Cheney visits Torrington


TORRINGTON – Congresswoman Liz Cheney made a stop in Torrington to discuss a variety of topics from the local as well as federal level.

When asked about how best to help the ag community make ends meet, Congresswoman Cheney said stopping bad policies is the first step. Stopping policies that increase taxes is a key step in Cheney’s mind.

“We’ve been successful, so far, for the most part at preventing efforts by Democrats in the Senate,” she said. “Fundamentally, reminding people that we need to be able to keep more of what we earn. Raising taxes is going to create a situation where we don’t have economic growth that we need.”

Cheney also said educating lawmakers in Washington as to the effects their policies have on rural communities is key. She recently proposed a piece of legislation to allow producers to sell state-inspected and USDA-approved meat across state lines, hopefully increasing opportunities for producers to grow their business.

In the case of Jamin Johnson, a Black sheriff’s deputy in Albany County who recently filed a lawsuit against his former superior alleging “racism, bigotry and discrimination [that] almost defies belief,” Cheney said that while she is not familiar with the details of the lawsuit nor the events leading up to it, she does believe in the vision of Martin Luther King, Jr.

“I believe in what [he] said, which is that we all should be judged by the content of our character, not on the color of our skin,” she said. “I think that in too many instances now we’ve gone too far.”

Cheney cited critical race theory, which she said teaches history in the context of judging people based on the color of their skin.

“I think we do need to recognize the extent to which racism should have no place in our country,” she said. “It should have no place in our state, we have to stand against it.”

Cheney addressed the importance of small businesses as the backbone of the nation’s economy and how federal regulations add more challenges.

“When you see efforts that are being made to raise taxes or when you see efforts being made to increase regulation you understand that those are really targeting our small businesses,” Cheney said. 

The pandemic has also put more pressure on small businesses to stay open which has combines with rising supply chain issues and transportation issues such as lack of truck drivers.  

“We have had a really kind of a perfect storm of bad policy… global economic issues like what we’ve seen with the impact COVID has had on the world that it really created a lot of difficulties,” Cheney said. “And of course, we got labor issues too and very it’s challenging for a whole variety of reasons now to be able to find people who will go to work.” 

According to Cheney, President Biden’s administration policies will continue to make it harder for small businesses. 

“You have to get the federal government out of people’s lives and the more that you can get decision making at the local level and at the community level the more the policies that are adopted are going to reflect the needs of our individual communities,” Cheney said. 

In terms of veteran issues, Cheney said the Choice Act implemented during the Trump administration was very helpful for veterans to get the help they need outside of Veterans Affairs (VA).  

“I think making sure the VA is responsive to veterans needs is hugely important,” Cheney said. 

With suicide rates also an issue in the veteran community Cheney has focused on encouraging the community to call local veterans and show their appreciation of them as she sponsored a bill for National Warrior Day. 

Cheney believes since Operation Iraqi Freedom soldiers are less likely to go to places of support. 

“They’ve been more individuals in communities, and I think that’s created some challenges that we got to make sure we have a safety net there and that we’re providing service people have earned,” Cheney said. 

Cheney’s stance on the current administration’s push toward less coal production and more renewable energy is one that most Wyomingites can get on board with. Cheney wants to make sure people understand Wyoming has the cleanest coal in the world and we have the ability to get access to oil and gas with new technology to detect emissions and stop them. 
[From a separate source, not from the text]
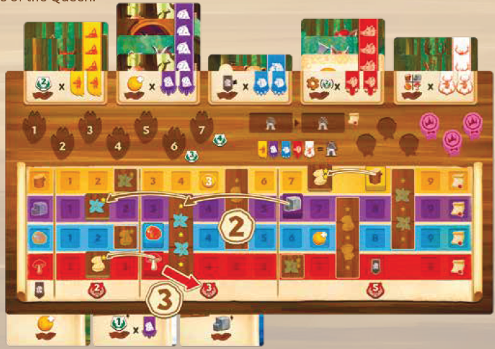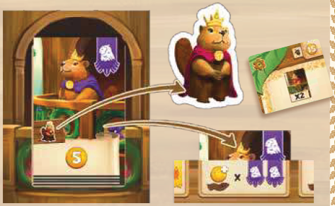ターンの逆順に、各プレイヤーはペアを1つ選択します: 自分のプレイヤーボードの隣に女王の好意を置き、開始カードで下記のことを行います:

“Wyoming’s fossil fuels are a national treasure, and we are unbelievably blessed in Wyoming to have the abundant resources we have,” Cheney said. There’s a real misunderstanding and some of it is probably intentional but you have people who think well, we should just immediately stop using all fossil fuels and we are only using renewable,” Cheney said. “Part of my job is to get the message out about how damaging that is and make sure people understand that the economy has to have access to fossil fuels to run.”

Cheney declared that Wyomingites operate by the Code of the West, care deeply about the Constitution and fundamental values of independence and freedoms. “We are conservative, and I think recognizing and understanding what my oath of office means, and how seriously I take it and why it’s so important for elected officials to abide by their oath,” she said. “And also talking about the stakes in this election, I think that all of these issues we’ve talked about really matter.

Cheney is aware that she needs to attract voters back. “People have to understand they can count on you and trust you, she said. “I’m really proud of my family’s roots in Wyoming and I’m proud of the extent to which, you know, our oath really means something, our word is our bond here, and that’ll be a large part of the campaign and conversation.”